# Data extract

((

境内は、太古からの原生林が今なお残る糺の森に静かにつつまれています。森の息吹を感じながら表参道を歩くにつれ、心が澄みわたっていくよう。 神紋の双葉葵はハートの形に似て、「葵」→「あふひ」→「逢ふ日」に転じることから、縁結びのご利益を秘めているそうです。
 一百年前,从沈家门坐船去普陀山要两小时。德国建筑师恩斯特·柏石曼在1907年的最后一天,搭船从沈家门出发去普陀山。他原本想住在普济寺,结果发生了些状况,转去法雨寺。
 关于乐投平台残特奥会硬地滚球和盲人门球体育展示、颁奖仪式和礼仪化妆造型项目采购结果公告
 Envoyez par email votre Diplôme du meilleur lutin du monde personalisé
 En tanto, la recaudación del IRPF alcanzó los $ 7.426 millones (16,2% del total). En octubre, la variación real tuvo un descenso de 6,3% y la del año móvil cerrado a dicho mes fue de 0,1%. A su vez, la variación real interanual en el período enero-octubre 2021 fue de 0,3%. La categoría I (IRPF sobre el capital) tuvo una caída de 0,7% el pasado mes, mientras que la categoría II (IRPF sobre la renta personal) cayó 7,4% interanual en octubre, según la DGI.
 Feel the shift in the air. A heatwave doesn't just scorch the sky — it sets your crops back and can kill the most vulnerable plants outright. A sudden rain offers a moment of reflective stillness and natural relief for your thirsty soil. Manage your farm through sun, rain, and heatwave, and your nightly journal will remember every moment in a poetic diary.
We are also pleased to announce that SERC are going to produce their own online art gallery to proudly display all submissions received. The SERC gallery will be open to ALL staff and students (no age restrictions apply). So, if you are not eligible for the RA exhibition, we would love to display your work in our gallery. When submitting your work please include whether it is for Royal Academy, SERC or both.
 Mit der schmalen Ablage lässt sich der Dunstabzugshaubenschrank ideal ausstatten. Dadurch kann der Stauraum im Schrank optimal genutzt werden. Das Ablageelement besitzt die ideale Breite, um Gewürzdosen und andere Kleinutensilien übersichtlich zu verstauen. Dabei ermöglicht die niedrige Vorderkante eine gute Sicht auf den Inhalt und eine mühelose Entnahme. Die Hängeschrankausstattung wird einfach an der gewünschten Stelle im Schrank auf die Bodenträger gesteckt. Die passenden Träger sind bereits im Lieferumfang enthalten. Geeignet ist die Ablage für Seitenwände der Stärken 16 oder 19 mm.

))
((

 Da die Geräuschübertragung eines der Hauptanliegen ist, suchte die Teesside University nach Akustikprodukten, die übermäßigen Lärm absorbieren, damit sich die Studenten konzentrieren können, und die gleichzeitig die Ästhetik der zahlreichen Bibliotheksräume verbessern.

))
((

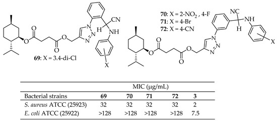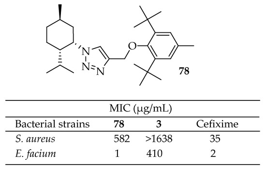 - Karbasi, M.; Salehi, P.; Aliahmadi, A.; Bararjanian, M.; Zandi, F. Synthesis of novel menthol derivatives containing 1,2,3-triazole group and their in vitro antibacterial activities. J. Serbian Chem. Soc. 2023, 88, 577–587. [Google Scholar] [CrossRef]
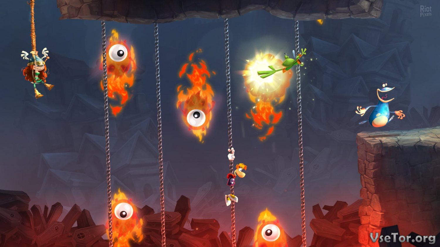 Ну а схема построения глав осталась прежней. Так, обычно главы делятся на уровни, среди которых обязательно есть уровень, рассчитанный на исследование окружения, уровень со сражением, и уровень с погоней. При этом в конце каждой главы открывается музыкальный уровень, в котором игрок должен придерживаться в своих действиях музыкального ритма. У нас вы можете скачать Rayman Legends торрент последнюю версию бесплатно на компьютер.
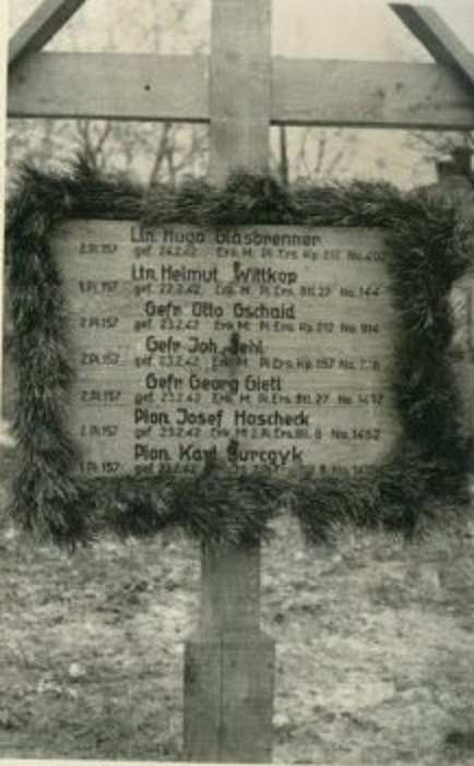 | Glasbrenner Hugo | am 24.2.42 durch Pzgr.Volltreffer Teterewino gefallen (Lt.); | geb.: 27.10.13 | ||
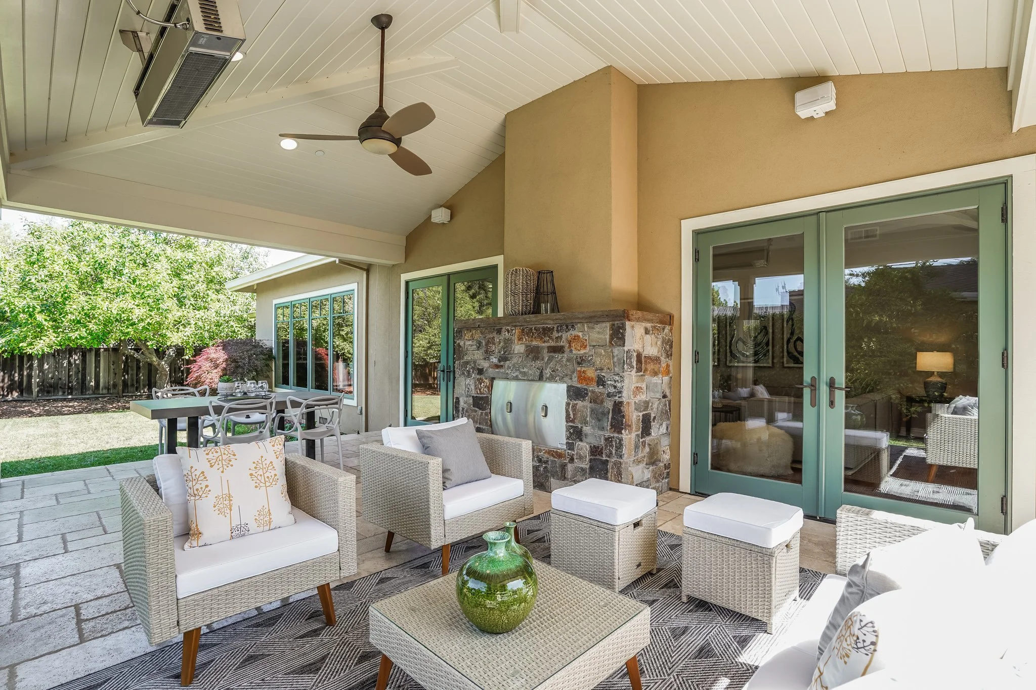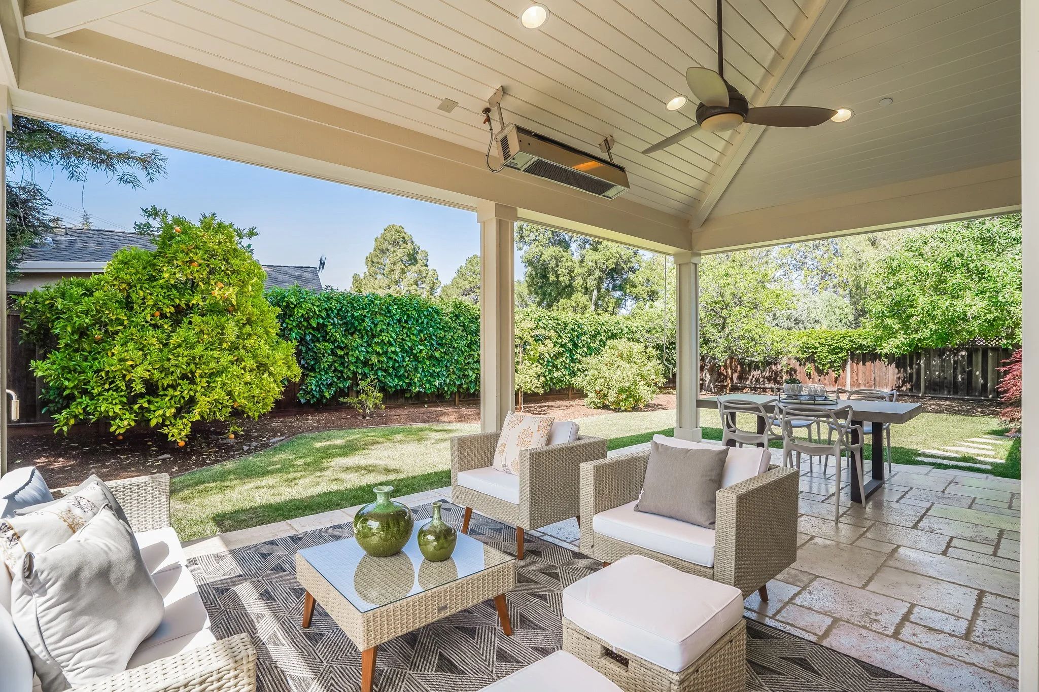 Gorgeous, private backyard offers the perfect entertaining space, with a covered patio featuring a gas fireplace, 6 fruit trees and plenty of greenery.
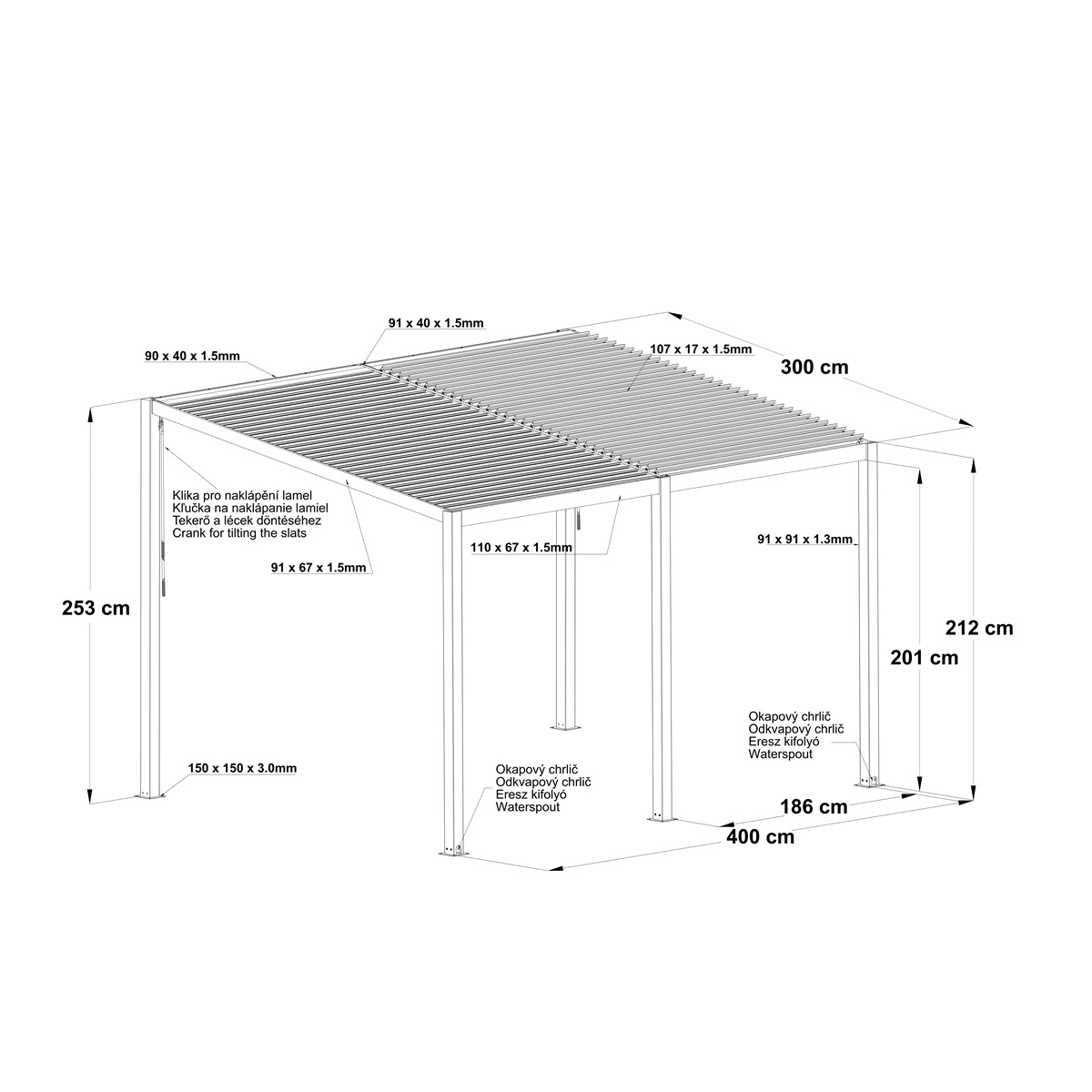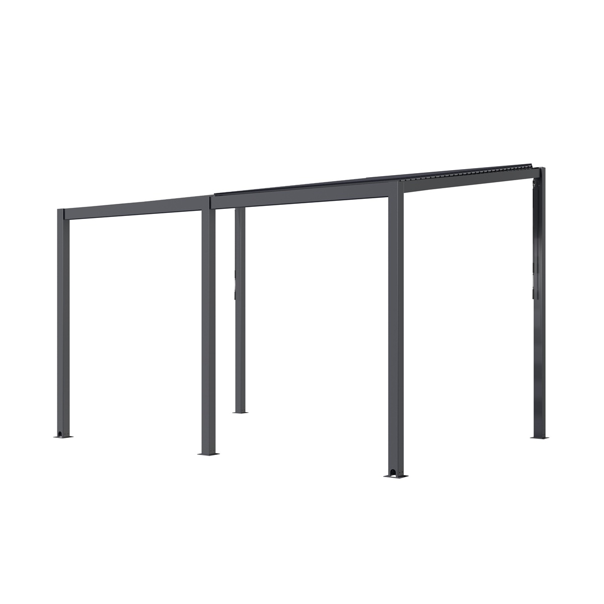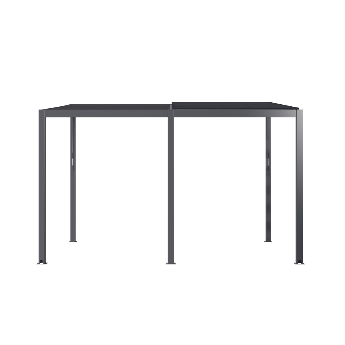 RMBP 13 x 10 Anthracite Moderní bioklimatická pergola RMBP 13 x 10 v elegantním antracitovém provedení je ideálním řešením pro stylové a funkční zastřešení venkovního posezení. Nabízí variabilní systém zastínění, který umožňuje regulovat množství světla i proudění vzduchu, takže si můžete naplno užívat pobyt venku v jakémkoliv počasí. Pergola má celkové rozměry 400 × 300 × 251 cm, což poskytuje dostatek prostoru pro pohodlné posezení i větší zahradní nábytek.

))

# Work to be completed
Search the records above for the string "will". Report each line that has it.

# Solution to the exercise
 Feel the shift in the air. A heatwave doesn't just scorch the sky — it sets your crops back and can kill the most vulnerable plants outright. A sudden rain offers a moment of reflective stillness and natural relief for your thirsty soil. Manage your farm through sun, rain, and heatwave, and your nightly journal will remember every moment in a poetic diary.
We are also pleased to announce that SERC are going to produce their own online art gallery to proudly display all submissions received. The SERC gallery will be open to ALL staff and students (no age restrictions apply). So, if you are not eligible for the RA exhibition, we would love to display your work in our gallery. When submitting your work please include whether it is for Royal Academy, SERC or both.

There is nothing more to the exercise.